E assim passava o tempo, e o Coelhinho era muito feliz – tão feliz que nunca se deu conta de como o seu lindo pelo tornava-se cada vez mais surrado, o rabo descosturava-se, e todo o cor de rosa do seu focinho onde o Menino o beijava esmaecia.


A primavera chegou e eles tiveram longos dias no jardim, pois aonde o Menino ia, o Coelho o acompanhava. Ele passeava no carrinho de mão, fazia piqueniques na grama e tinha uma adorável cabana encantada construída para ele embaixo dos pés de framboesa, atrás do canteiro de flores. E uma vez, quando repentinamente o Menino foi chamado para o chá, o Coelho foi deixado na clareira por muito tempo após o anoitecer, e Nana teve de vir e procurá-lo com uma vela porque o Menino não conseguia dormir sem ele. Ele estava molhado pelo orvalho e completamente sujo de terra por mergulhar nas tocas que o Menino fizera para ele no canteiro de flores, e Nana resmungava enquanto o esfregava com a ponta do avental.
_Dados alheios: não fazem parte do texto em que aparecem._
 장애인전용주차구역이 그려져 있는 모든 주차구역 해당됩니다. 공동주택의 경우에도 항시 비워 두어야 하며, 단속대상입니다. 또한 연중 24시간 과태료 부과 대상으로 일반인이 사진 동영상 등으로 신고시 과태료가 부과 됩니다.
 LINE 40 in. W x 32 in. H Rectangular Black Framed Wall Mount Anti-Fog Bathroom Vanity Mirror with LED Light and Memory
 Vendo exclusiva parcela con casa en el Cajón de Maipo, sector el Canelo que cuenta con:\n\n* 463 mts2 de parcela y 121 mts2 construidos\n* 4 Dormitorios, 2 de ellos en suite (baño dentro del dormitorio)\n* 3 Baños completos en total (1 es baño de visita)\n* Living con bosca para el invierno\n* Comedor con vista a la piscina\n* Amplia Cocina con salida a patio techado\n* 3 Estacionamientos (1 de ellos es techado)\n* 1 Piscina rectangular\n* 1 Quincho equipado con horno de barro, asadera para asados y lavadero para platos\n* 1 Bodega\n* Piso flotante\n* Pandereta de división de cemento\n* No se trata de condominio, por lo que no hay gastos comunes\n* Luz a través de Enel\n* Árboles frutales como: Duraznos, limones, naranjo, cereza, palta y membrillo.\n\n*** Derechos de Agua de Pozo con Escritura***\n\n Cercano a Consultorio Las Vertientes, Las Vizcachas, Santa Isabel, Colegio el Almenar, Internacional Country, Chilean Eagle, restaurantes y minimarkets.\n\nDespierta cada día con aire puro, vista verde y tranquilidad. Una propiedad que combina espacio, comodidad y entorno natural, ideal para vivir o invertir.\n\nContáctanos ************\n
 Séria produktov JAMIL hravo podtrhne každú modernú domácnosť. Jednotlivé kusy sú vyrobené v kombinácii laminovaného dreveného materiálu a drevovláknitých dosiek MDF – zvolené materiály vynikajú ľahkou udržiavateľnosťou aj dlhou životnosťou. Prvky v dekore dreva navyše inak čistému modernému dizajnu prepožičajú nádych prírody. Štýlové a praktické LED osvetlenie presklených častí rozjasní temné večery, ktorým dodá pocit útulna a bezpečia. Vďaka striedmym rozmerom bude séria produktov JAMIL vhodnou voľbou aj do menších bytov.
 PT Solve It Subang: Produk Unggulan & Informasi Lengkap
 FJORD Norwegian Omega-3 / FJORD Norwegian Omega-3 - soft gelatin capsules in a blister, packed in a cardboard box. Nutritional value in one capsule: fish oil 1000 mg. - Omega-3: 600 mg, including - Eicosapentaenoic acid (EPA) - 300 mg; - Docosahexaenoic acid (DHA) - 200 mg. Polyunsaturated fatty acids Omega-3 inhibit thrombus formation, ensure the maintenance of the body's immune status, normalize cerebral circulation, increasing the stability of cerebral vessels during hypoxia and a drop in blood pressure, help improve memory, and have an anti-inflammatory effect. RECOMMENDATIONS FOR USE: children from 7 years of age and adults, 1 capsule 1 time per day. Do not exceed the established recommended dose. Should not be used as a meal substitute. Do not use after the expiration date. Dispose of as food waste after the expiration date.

“Tinha que ser o seu velho Coelho!” disse ela. “Imagine todo esse rebuliço por um brinquedo!”


“Me dê meu Coelho!” disse ele. “Você não devia falar assim. Ele não é um brinquedo. É REAL!”


Quando o Coelhinho escutou aquilo ficou feliz, pois enfim soube que o Cavalo de Pele estava certo. Havia lhe ocorrido a magia do quarto de crianças, e ele não era mais um brinquedo. Era Real. O próprio Menino dissera isso.


Naquela noite, o Coelhinho estava feliz demais para dormir e seu pequeno coração de serragem quase explodiu de tanto amor. E nos seus olhos de botão de bota, que há muito perdera o brilho, surgiu um olhar de sabedoria e beleza, de tal maneira que até Nana percebeu na manhã seguinte quando o pegou, e disse, “Eu seria capaz de jurar que esse velho Coelho não tinha toda essa expressão de lucidez!”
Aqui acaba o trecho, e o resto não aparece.